Ice dancers Madison Chock and Evan Bates are arriving at their tenth Worlds with their fourth US gold medal. They faced unusual competition at Skate America from their teammates Kaitlin Hawayek and Jean-Luc Baker, who finished first in the free skate, but Hawayek and Baker withdrew from the rest of the season’s events, citing ongoing health problems, and the other US ice-dance medalists, Caroline Green and Michael Parsons (silver) and Christina Carreira and Anthony Ponomarenko (bronze), are appearing at senior Worlds for the first time. So Chock and Bates are well positioned to add a gold medal to the bronze (their second) they won last year—but Canada’s Piper Gilles and Paul Poirier have had a breakthrough this season with their “Evita” free skate. They missed Canadian Nationals—Gilles had appendicitis—but received a bye to Worlds; if they’re back in fighting shape, they will be formidable competition.

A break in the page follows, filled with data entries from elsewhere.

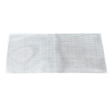 Rede metálica retangular de malha fina prateada sobre fundo branco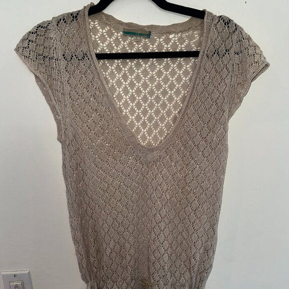 Convoy Beige Crochet Knit Tunic Top | Boho Beach Cover-Up | Size M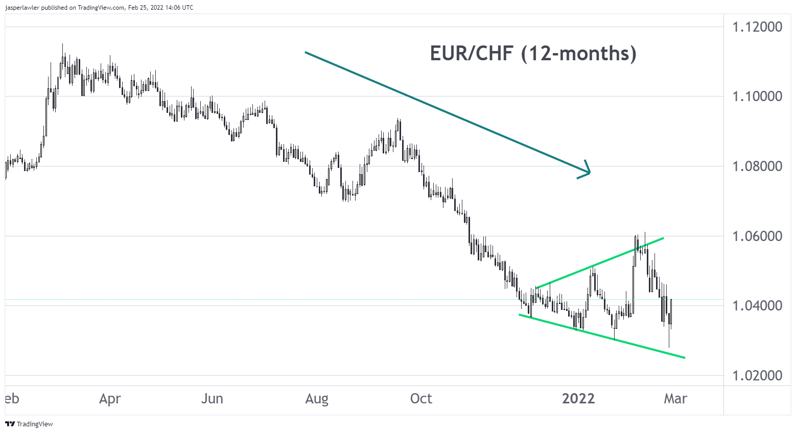 Die EUR/CHF-Paarung verzeichnete in den letzten 12 Monaten einen Rückgang von 7 %, da der Kurs von einem Hoch im März letzten Jahres bei 1,11500 auf den heutigen Stand von 1,0350 fiel. Allein seit Anfang Februar notiert das Paar über 2 % niedriger.

Three hours into the pairs’ short program, Deanna Stellato-Dudek and Maxime Deschamps of Canada arrived to skate an elegant tango, scoring more than seven points over their teammates Lia Pereira and Trennt Michaud, who had held the first-place spot for more than an hour. But the highlight of the night was the final flight of competitors, including defending champions Alexa Knierim and Brandon Frazier, the first US pairs team to win Worlds since 1979. This season they are also US champions (last year they missed Nationals when Frazier tested positive for COVID, but they were given a bye to the Olympics and Worlds). They won Skate America and the MK John Wilson Trophy to qualify for the Grand Prix Final but came in second, behind Riku Miura and Ryuichi Kihara (the first Japanese pairs team to win that title). Knierim and Frazier entered this competition with an emotional burden: Three weeks ago their coach Todd Sand suffered a heart attack in Calgary, where his US team Sophia Baram and Daniel Tioumentsev were competing in the World Junior Championships. The question was whether Knierim and Frazier could control their nerves to win gold here (as Baram and Tioumentsev rallied to do in Calgary). They skated last in the short program, with Miura and Kihara in first place with a season’s-best score, and Knierim maintained her usual steely smile—but Frazier fell, putting them in second, more than six points behind the Japanese and slightly more than one point ahead of the Italian team, Sara Conti and Niccolo Macii. Competition continues through Sunday.